Table 2: Health Information Storage

Family / No. Locations / No. Storage Artifacts
A / 5 / 12
B / 3 / 7
C / 3 / 9
D / 3 / 8

Of particular interest was how the same type of health information could be stored across rooms and/or using multiple storage artifacts within the same household. Table 3 illustrates how the same kind of health information could be stored in multiple rooms and/or artifacts.

Accessibility

Results showed that most of the Just in case and all of Just in time health information were also private, while Just at hand information half was private and the other half semi-public.

Results also showed that the three rooms with the highest number of health information storage were the kitchen with 19 items, the office with 19 items and the bedroom with five items. In the kitchen, most items are Just at hand, whereas in the office most items are stored Just in case. The bedroom, on the other hand, has information almost evenly stored both Just at hand and Just in case.
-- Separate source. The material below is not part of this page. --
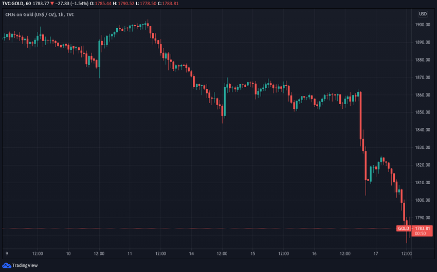 Powodem, dla którego złoto spadło poniżej poziomu 1800 USD jest fakt, że Rezerwa Federalna zasygnalizowała wcześniejsze niż oczekiwano podwyżki stóp procentowych. Większość z 11 urzędników Fed przewiduje co najmniej dwie podwyżki stóp procentowych w 2023 roku, mimo że zobowiązali się oni do utrzymania dotychczasowej polityki wspierającej ożywienie na rynku pracy.

When examining the levels of accessibility of health information types stored in the homes, results showed most of the doctor’s appointments, doctor’s contact information and all of the prescription information/medications and the immunization records are stored Just at hand. Most of the literature, on the other hand, was stored Just in case.
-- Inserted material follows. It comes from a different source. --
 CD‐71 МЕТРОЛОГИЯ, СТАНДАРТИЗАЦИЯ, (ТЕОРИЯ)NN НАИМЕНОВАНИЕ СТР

Table 3: Health Information in Multiple Locations/Artifacts

Health Information Type / Location(s) / Storage Artifacts
Family A
Doctor’s Contact Information /
  • Kitchen
/
  • Notes next to telephone
  • Notes on refrigerator door

Prescription Information/Medicines /
  • Kitchen
  • Bedroom 1
  • Bedroom 2
/
  • Cabinet
  • Cookie jar
  • Dresser

Family B
Doctor’s Contact Information /
  • Kitchen
/
  • Cupboard by telephone

Prescription Information/Medicines /
  • Kitchen
/
  • Cupboard by telephone

Family C
Doctor’s Contact Information /
  • Home Office
  • Purse
/
  • Calendar on wall
  • Computer file
  • Planner

Prescription Information/Medicines /
  • Home Office/ Moveable
/
  • Portfolio

Family D
Doctor’s Contact Information /
  • Kitchen
  • Dining Room
/
  • Address book
  • (Programmed into) telephone

Prescription Information/Medicines /
  • Kitchen
/
  • Cupboard

DISCUSSION

The results showed the varying and complex nature of health information management in the home. Health information was distributed across spaces, i.e. the physical location in the household. The cases range from a small number of artifacts and locations to a very distributed household with twelve artifacts and five locations. These results illustrate the potential mismatch between current consumer health informatics solutions, which presume use by one person in one location, and actual health information management behaviors. Households with multiple artifacts and locations may have multiple users and varying frequency of use for different kinds of health information. This poses interesting design criteria that suggest technology might need to be deployed throughout the household and may need to have different levels of access to information for different family members.